Skopje, March 8, 2026 (MIA) – Women’s rights mean nothing if we cannot defend them, says the UN. This International Women’s Day, marked under the motto “Rights. Justice. Action. For ALL Women and Girls, comes at a time when judicial systems face pressure from conflicts, repression, and political tensions, resulting in women and girls having only 64 percent of the legal rights of men.

Women are rejected, disbelieved, repeatedly made victims, or stripped of legal support. Equality remains elusive. Women and girls live without full legal protection, and when justice falls short, women bear the cost. Justice is not blind—it safeguards power and continues to work against women and girls, states the UN Women.

In nearly 70 per cent of surveyed countries, women face more barriers accessing justice than men. Can't afford a lawyer? Justice denied. Legal fees, transportation, childcare, lost wages keep millions of women locked out of justice systems. Want to report an injustice? Be prepared to be ignored, disbelieved, or – worse – blamed and silenced. 

For the 676 million women and girls living within 50 km of active conflict zones, justice systems are largely absent and perpetrators act with impunity.

What justice actually means for women and girls? Without justice, rights are just words. With justice, rights become power. Laws that protect women and girls from violence, discrimination, and exploitation. Courts that believe ALL women and girls and end impunity. Legal aid that women and girls can access and afford. Support to recover when rights are violated. Justice does not happen by itself. It must be built and funded, UN Women states.

March 8 – a celebration of women’s rights and international peace

International Women’s Day (March 8) is a global day celebrating the social, economic, cultural and political achievements of women. The day also marks a call to action for accelerating gender parity.

The first IWD was observed on 28 February 1909 in the United States following a declaration by the Socialist Party of America. The idea of having an international women’s day was first put forward at the turn of the 20th century amid rapid world industrialization and economic expansion that led to protests over working conditions.

In 1910 the first international women’s conference was held in Copenhagen by the Second International and an ‘International Women’s Day’ was established, which was submitted by the important German Socialist Clara Zetkin, although no date was specified.

The following year, 1911, IWD was marked by over a million people in Austria, Denmark, Germany and Switzerland, on March 19. Furthermore, on the eve of World War I, women across Europe held peace rallies on 8 March 1913.

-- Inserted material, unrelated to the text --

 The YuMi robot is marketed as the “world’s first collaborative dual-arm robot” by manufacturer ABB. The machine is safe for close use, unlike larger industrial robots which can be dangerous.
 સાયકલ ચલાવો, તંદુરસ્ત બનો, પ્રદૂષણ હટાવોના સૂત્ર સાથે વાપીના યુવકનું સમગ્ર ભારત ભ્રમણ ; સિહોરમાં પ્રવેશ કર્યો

In the West, International Women’s Day was commemorated during the 1910s and 1920s, but dwindled. It was revived by the rise of feminism in the 1960s. Demonstrations marking International Women’s Day in Russia proved to be the first stage of the Russian Revolution of 1917.

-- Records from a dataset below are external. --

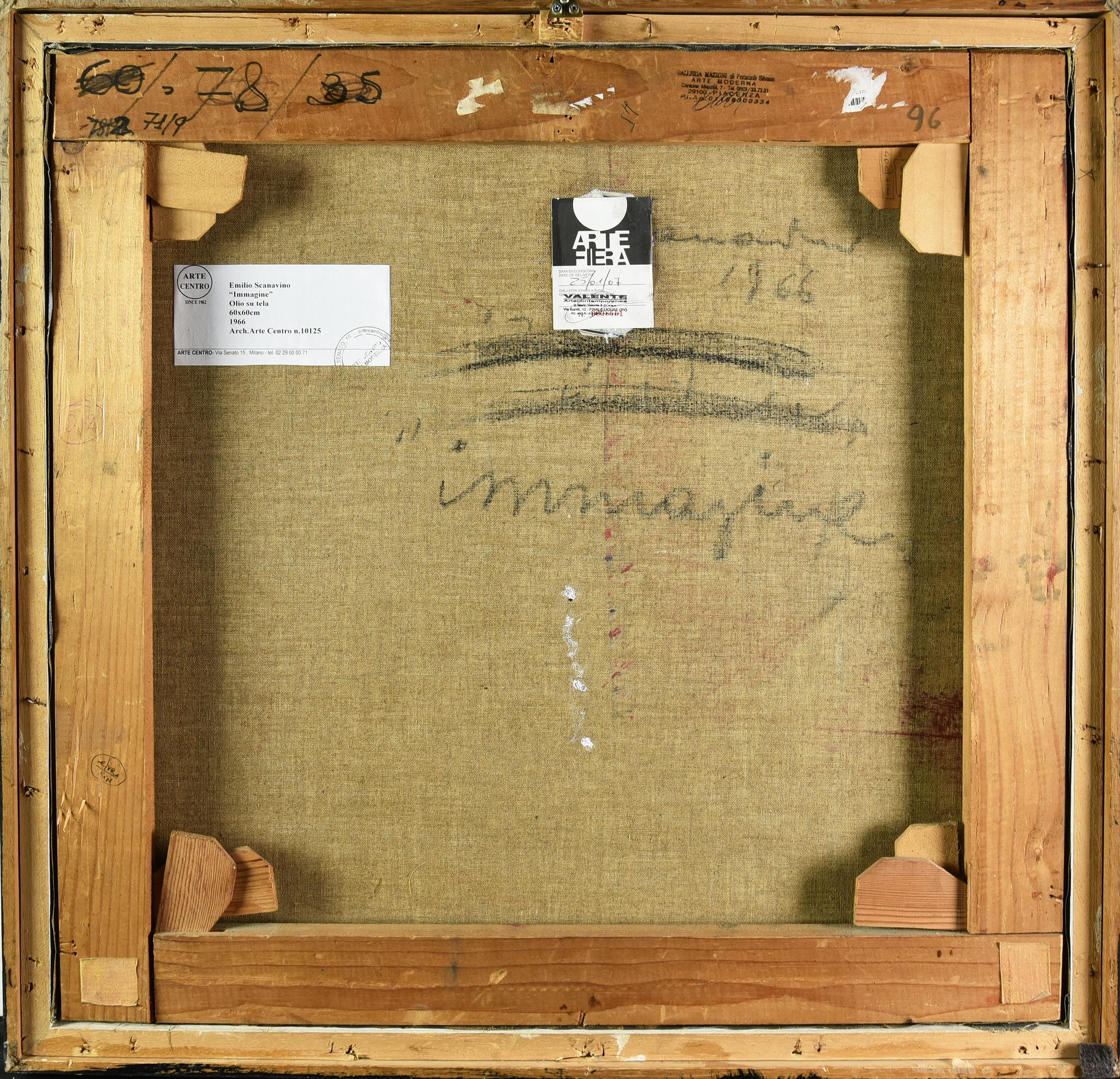 sul retro: firma, titolo, data, timbro Galleria Mazzoni, Piacenza, etichetta e timbro Galleria Arte Centro, Milano, etichetta Artefiera, Bologna e timbro Valente Artecontemporanea, Finale Ligure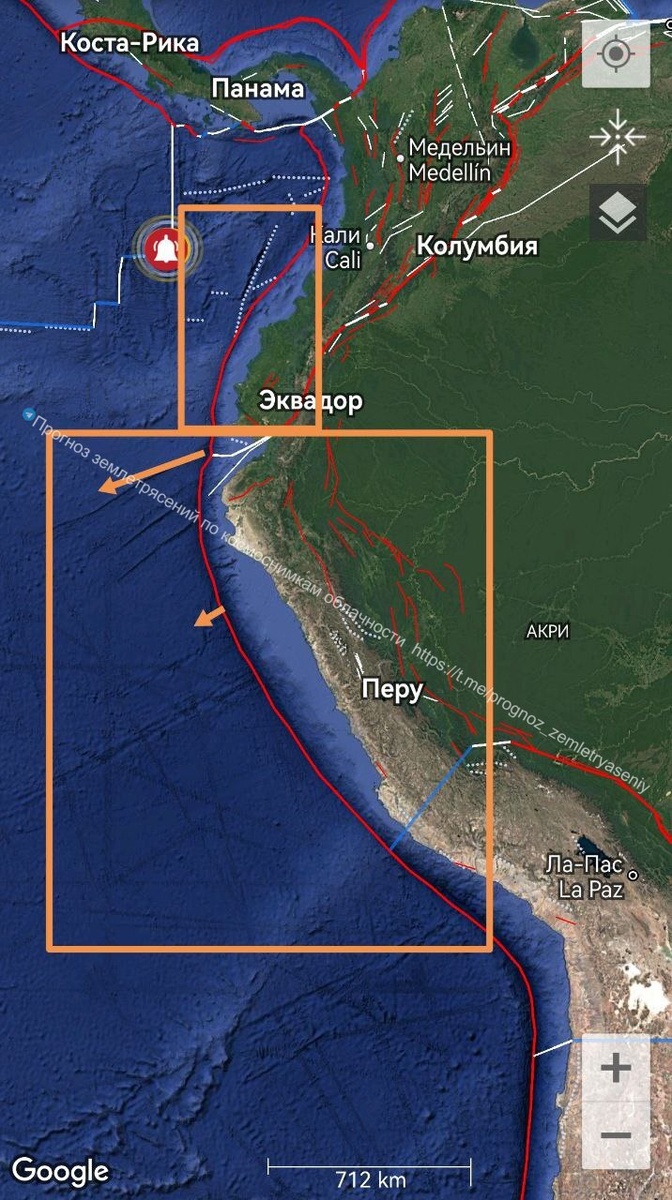 В Южной Америке сильное тектоническое напряжение и дегазация наблюдаются от Перу до Эквадора (М7+), а также вдоль Тихоокеанского побережья Колумбии (М6+) ====== In South America, strong tectonic stress and degassing are observed from Peru to Ecuador (M7+), as well as along the Pacific coast of Colombia (M6+)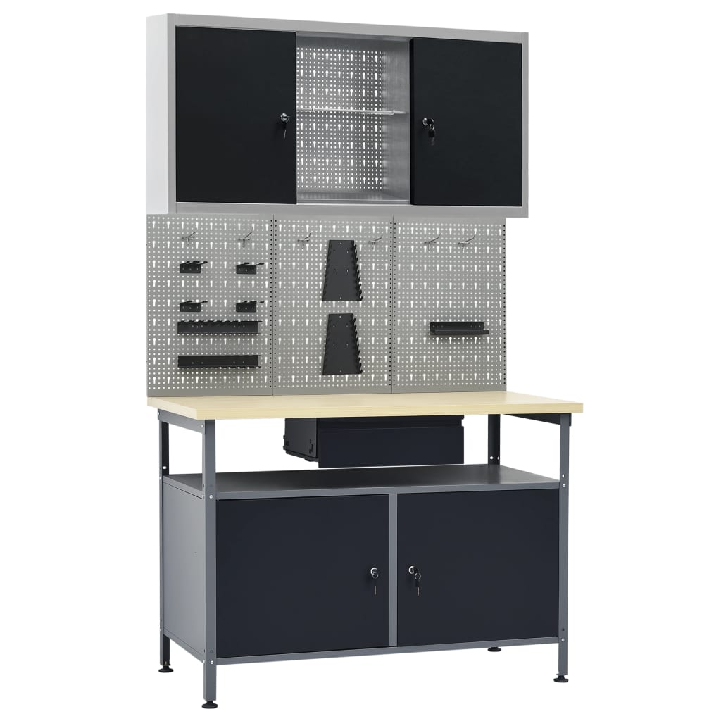 Este conjunto combina 1 bancada de trabalho, 3 painéis de parede e 1 armário de parede, que serão uma solução prática de armazenamento para a sua oficina e garagem.

Following the October Revolution, the Bolshevik feminist Alexandra Kollontai persuaded Lenin to make it an official holiday in the Soviet Union, and it was established, but was a working day until 1965.

On May 8, 1965 by the decree of the USSR Presidium of the Supreme Soviet International Women’s Day was declared as a non-working day in the USSR “in commemoration of the outstanding merits of Soviet women in communistic construction, in the defense of their Fatherland during the Great Patriotic War, in their heroism and selflessness at the front and in the rear, and also marking the great contribution of women to strengthening friendship between peoples, and the struggle for peace. But still, women’s day must be celebrated as are other holidays.”

In 1975, which had been designated as International Women’s Year, the United Nations gave official sanction to and began sponsoring International Women’s Day.